RogerBW's Blog

I'm trying to learn more about practical multirotor design with a view to designing and building my own. A multirotor flies essentially by replacing mechanical complexity with software complexity, which is lighter. Here's a bit more detail.

A conventional helicopter is mechanically complex: the angle at which each blade cuts through the air must be varied both during each rotor revolution (cyclic pitch, to control the aircraft's pitch and roll) and over the longer term (collective pitch which varies thrust, feeding into yaw with the tail rotor), and this is achieved by a mechanical linkage, the swashplate. Many small parts have to move perfectly and repeatedly.

A multirotor, by contrast, can use single-piece propellers: a quadrotor with direct drive has just four moving parts, the motor-propeller assembly for each rotor. The important factor is that half the rotors rotate in each direction. So a pitch forward is achieved by increasing power to the rear rotors; a roll left increases power to the right rotors; and a yaw right increases power to the anticlockwise-spinning rotors, which to avoid control linkage are a diagonally opposed pair.

The minimal design uses three rotors, but there are obvious asymmetries. Four works pretty well; six and eight cut down the required power per rotor for heavier aircraft. (Some of the larger ones use three or four arms and mount a pair of rotors on each one in a push-pull configuration, but generally it's one rotor per arm.)

This was actually tried quite early in the development of helicopters. The Breguet-Richet Gyroplane of 1907 was the first example, indeed the first time a rotary-wing aircraft had lifted both itself and its pilot off the ground, though records are unclear as to whether it ever achieved free flight; in its early tests it needed several men on the ground to hold it steady.
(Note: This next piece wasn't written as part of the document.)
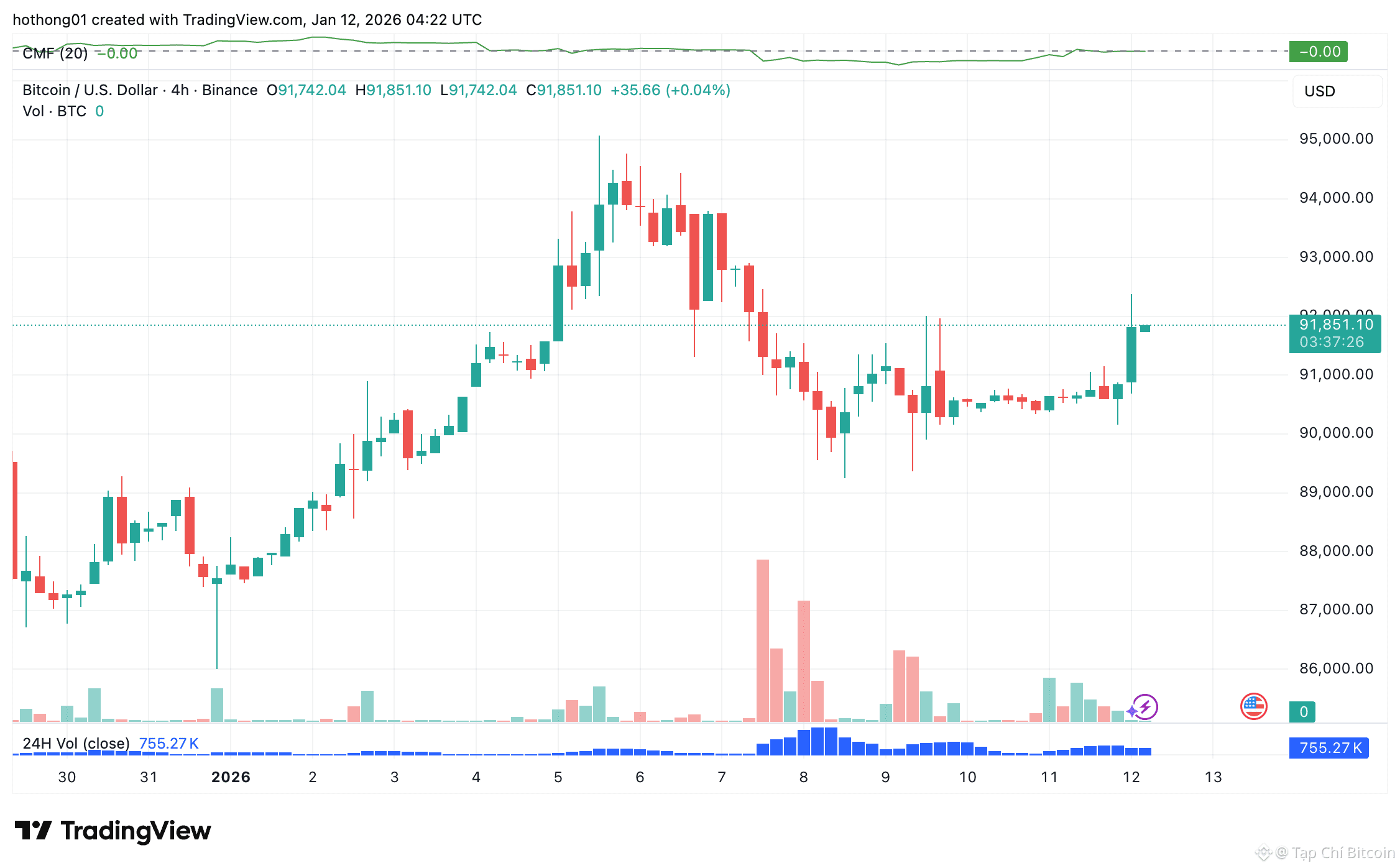 Giá BTC tăng nhẹ hôm nay | Nguồn: Tradingview

Etienne Oehmichen's Helicopter No. 2 was more successful though a less "pure" design: it had four rotors on the ends of an X-shaped frame, like the Gyroplane, but also five propellers for horizontal stabilisation, one in the nose for steering, and two more for propulsion. In spite of this, it was moderately successful, establishing the first FAI distance record for helicopters (360m in 1924). George de Bothezat also developed a helicopter in the 1920s, also using separate propellers for control; it never exceeded 5m above ground level.
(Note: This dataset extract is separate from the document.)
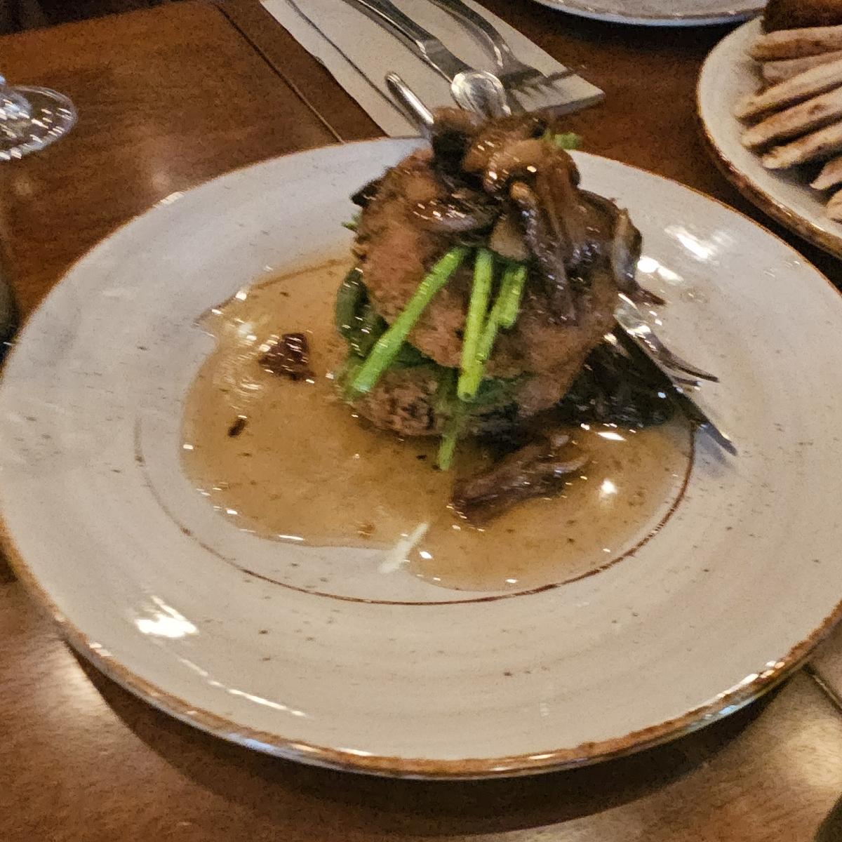 Not sure what was up with my phone camera during this dinner, but this dish was more sumptuous than this poor resolution can do justice to. A wonderful spread of flavours and textures from the asparagus+mushroom topping to the spinach and tofu combination, and the sauce was a refreshing and inspired blend of mushroom and plum which I enjoyed.

Going back to pure quadrotors, the 1950s saw the Convertawings Model A and the Curtiss-Wright VZ-7; both of them flew reasonably well, though not sufficiently better than conventional helicopters for anyone to try switching.

What really makes the multirotor concept viable now is electronics, specifically cheap and light gyroscopes and accelerometers. Every little variation in thrust or air density leads to an instability and potential toppling, so the on-board electronics need to be able to tweak the power to each motor very quickly in order to keep the platform stable. External commands (whether from a radio control unit or an onboard navigation processor) take the form of "rotate right" or "tilt forward", and these are combined with position and orientation feedback to generate control outputs to the individual motors.

The multirotor concept can certainly be scaled up; Bell-Boeing is working on the Quad TiltRotor, a derivative of the Osprey that would have roughly the speed and lift capacity of a C-130, but be able to land in its own length. It's not clear to what extent this will need control surfaces, though in aircraft-mode flight they seem likely to be important; I suspect it would also need variable-pitch propellers for efficiency, which starts to bring mechanical complexity back in.

I could easily see a future generation of attack helicopter using this technology: the simplicity (suggesting increased ease of maintenance and even resistance to damage) might well be worth any slight drop in performance. Of course, with current trends, it probably won't need room for a pilot.

One could do the same thing with jet engines, but there are two problems: jets aren't as immediately responsive to small changes in power, so stabilisation would be more work, and they don't produce useful amounts of torque, so you'd still need some other sort of control system for yaw.

Apart from simplicity, the multirotor can use smaller propellers: a quadrotor needs only about half of the blade diameter of a single-rotor aircraft in order to have the same total rotor disc area, though they generally have to spin faster. This still lets individual rotors be lighter and have less kinetic energy, helpful in case of a collision.

What I'm trying to learn at this point is a way of calculating how much thrust I can get out of a given combination of motor and rotor, and therefore how much power I need to feed in…